Dopo giorni di grande nervosismo sembra, al momento, scongiurata la possibilità di default per gli Stati Uniti. Nella notte tra sabato e domenica è stato infatti trovato un accordo tra Repubblicani e Democratici che, dopo settimane di negoziati, hanno individuato “un’intesa di principio”. L’accordo di massima è stato raggiunto al telefono dal Presidente Joe Biden e dal leader dei repubblicani McCarthy, i quali hanno concordato sull’innalzamento del tetto del debito per il prossimo biennio, in cambio di tagli alle spese.
Quanto stabilito tra i due leader dovrà essere sottoposto al voto nella giornata di mercoledì, per essere approvato entro il 5 giungo, data critica dopo la quale gli Stati Uniti non saranno più in grado di pagare i conti federali.
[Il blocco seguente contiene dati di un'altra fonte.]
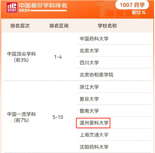 • 前7%!温医大药学学科软科“中国最好学科排名”再进一步
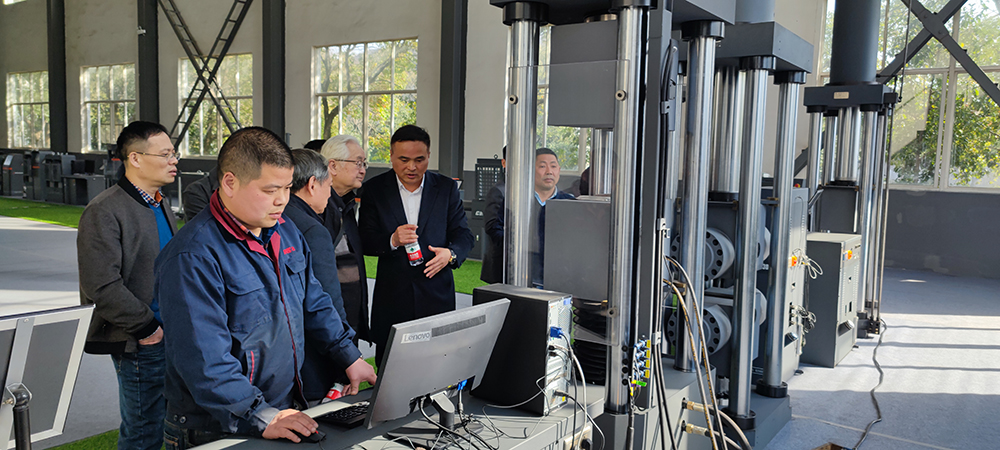 专家组一行先来到生产车间,实地参观考察我公司的生产设备和技术工艺,对车间干净明亮的环境和严格的品控管理予以赞扬。紧接着来到公司产品展厅,董事长向专家详细介绍了产品主要性能及先进的技术创新,品控部长张丽胜现场演示热轧带肋钢筋拉伸试验,设备的优良性能令专家组啧啧称赞。

Il Segretario al Tesoro americano Yellen aveva infatti avvertito che a partire dal 5 giugno, secondo le sue ultime stime, senza interventi sul cosiddetto debt ceiling si andrebbe incontro ad uno storico default.
Anche se l’accordo raggiunto tra i due schieramenti lascia ben sperare sul buon esito di questa vicenda, la situazione è tutt’altro che serena e tiene sulle spine i mercati. Senza andare troppo indietro nel tempo, anche nel 2011 gli Stati Uniti rischiarono il default, tuttavia senza raggiungerlo, ma questo causò comunque il declassamento del rating delle obbligazioni americane da parte dell’agenzia S&P. La solvibilità degli Stati Uniti dunque è già stata messa in discussione in passato e per questo è fondamentale che si arrivi ad una conclusione senza ulteriori tensioni tra Democratici e Repubblicani.
Tornando sui dettagli dell’accordo, questo sospende il limite massimo dell’indebitamento del governo, attualmente fissato a 31.400 miliardi di dollari, per un periodo di due anni e cioè oltre le elezioni presidenziali del 2024, per evitare in questo modo eventuali crisi a ridosso del prossimo evento politico. In cambio la spesa federale sarà bloccata e in alcuni casi ridotta, ad eccezione dei fondi destinati alla difesa e ai veterani. Secondo un’analisi del New York Times, l’impatto di questi provvedimenti nei prossimi dieci anni potrebbe portare ad una riduzione di spesa pari a circa 650 miliardi di dollari, che gli analisti hanno definito di modesta entità.
Fino al voto di mercoledì i mercati probabilmente continueranno a presentare elevata volatilità, prestando particolare attenzione a ciò che accadrà a Washington, anche se la sensazione è quella che il voto sarà favorevole.